__TASK STATEMENT__
The listing below contains a span that opens with the line containing "Extreem snelle klontvorming" and closes with the line containing "- يحق للعميل". Return that span exactly.
*** Opening of INFORMATION SUPPLIED ***
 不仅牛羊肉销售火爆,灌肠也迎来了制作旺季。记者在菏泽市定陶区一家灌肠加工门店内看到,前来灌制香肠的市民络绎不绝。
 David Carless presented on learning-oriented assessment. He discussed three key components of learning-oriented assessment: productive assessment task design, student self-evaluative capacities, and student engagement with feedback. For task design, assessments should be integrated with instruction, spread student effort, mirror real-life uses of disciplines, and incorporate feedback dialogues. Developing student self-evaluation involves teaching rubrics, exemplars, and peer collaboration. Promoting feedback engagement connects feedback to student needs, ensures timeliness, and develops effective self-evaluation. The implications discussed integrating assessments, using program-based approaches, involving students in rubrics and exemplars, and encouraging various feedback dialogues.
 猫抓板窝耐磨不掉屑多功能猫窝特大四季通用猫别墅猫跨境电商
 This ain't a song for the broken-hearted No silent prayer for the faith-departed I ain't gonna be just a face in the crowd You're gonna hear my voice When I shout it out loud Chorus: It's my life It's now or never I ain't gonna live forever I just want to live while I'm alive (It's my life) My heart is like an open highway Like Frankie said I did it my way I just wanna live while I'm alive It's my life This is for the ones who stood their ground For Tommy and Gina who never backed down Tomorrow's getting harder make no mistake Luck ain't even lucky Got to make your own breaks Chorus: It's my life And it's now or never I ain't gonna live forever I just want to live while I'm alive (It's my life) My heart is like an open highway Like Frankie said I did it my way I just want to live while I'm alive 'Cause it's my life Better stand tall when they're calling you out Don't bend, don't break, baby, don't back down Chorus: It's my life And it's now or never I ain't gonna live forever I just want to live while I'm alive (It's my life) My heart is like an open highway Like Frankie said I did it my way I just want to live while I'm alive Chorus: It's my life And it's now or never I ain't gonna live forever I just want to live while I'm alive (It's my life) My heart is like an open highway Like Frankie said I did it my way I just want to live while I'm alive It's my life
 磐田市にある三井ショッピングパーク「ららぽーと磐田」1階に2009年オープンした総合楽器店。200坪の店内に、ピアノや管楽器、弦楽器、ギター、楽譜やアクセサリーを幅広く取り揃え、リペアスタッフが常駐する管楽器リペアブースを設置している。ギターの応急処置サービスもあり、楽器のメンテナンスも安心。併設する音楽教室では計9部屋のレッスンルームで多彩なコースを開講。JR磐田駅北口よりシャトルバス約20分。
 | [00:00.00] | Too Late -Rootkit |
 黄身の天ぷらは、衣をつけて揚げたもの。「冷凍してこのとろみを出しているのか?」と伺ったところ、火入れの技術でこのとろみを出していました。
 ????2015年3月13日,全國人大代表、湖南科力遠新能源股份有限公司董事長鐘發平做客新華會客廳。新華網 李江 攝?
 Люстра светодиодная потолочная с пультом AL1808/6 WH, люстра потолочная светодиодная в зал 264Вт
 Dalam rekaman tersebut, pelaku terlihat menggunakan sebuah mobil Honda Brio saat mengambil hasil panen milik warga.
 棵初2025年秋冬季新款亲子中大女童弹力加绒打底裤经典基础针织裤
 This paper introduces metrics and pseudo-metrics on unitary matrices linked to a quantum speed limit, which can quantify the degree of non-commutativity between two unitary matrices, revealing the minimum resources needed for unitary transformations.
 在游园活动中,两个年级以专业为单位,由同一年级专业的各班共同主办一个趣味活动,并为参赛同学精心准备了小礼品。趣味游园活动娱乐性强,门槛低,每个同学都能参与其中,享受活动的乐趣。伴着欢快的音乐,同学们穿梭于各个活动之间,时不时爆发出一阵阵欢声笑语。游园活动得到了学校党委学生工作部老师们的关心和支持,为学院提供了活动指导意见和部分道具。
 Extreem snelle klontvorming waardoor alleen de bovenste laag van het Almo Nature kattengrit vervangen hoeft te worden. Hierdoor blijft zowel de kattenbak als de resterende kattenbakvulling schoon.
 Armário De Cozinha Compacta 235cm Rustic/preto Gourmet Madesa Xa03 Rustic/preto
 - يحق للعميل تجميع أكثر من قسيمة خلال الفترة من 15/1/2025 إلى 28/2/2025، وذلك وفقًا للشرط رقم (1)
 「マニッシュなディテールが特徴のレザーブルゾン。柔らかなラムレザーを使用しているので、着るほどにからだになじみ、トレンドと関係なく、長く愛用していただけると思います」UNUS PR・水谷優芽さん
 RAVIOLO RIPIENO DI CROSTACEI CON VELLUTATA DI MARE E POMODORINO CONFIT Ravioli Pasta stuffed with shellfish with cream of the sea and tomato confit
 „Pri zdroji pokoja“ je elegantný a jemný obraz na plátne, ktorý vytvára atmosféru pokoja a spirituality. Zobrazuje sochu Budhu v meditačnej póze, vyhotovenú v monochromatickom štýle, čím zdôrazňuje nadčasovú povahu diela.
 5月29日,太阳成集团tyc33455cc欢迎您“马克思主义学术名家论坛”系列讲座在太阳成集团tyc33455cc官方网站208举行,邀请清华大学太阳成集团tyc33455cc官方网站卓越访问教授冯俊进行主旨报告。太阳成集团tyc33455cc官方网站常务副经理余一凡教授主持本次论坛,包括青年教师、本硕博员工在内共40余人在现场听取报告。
*** Close of INFORMATION SUPPLIED ***
__YOUR SOLUTION__
 Extreem snelle klontvorming waardoor alleen de bovenste laag van het Almo Nature kattengrit vervangen hoeft te worden. Hierdoor blijft zowel de kattenbak als de resterende kattenbakvulling schoon.
 Armário De Cozinha Compacta 235cm Rustic/preto Gourmet Madesa Xa03 Rustic/preto
 - يحق للعميل تجميع أكثر من قسيمة خلال الفترة من 15/1/2025 إلى 28/2/2025، وذلك وفقًا للشرط رقم (1)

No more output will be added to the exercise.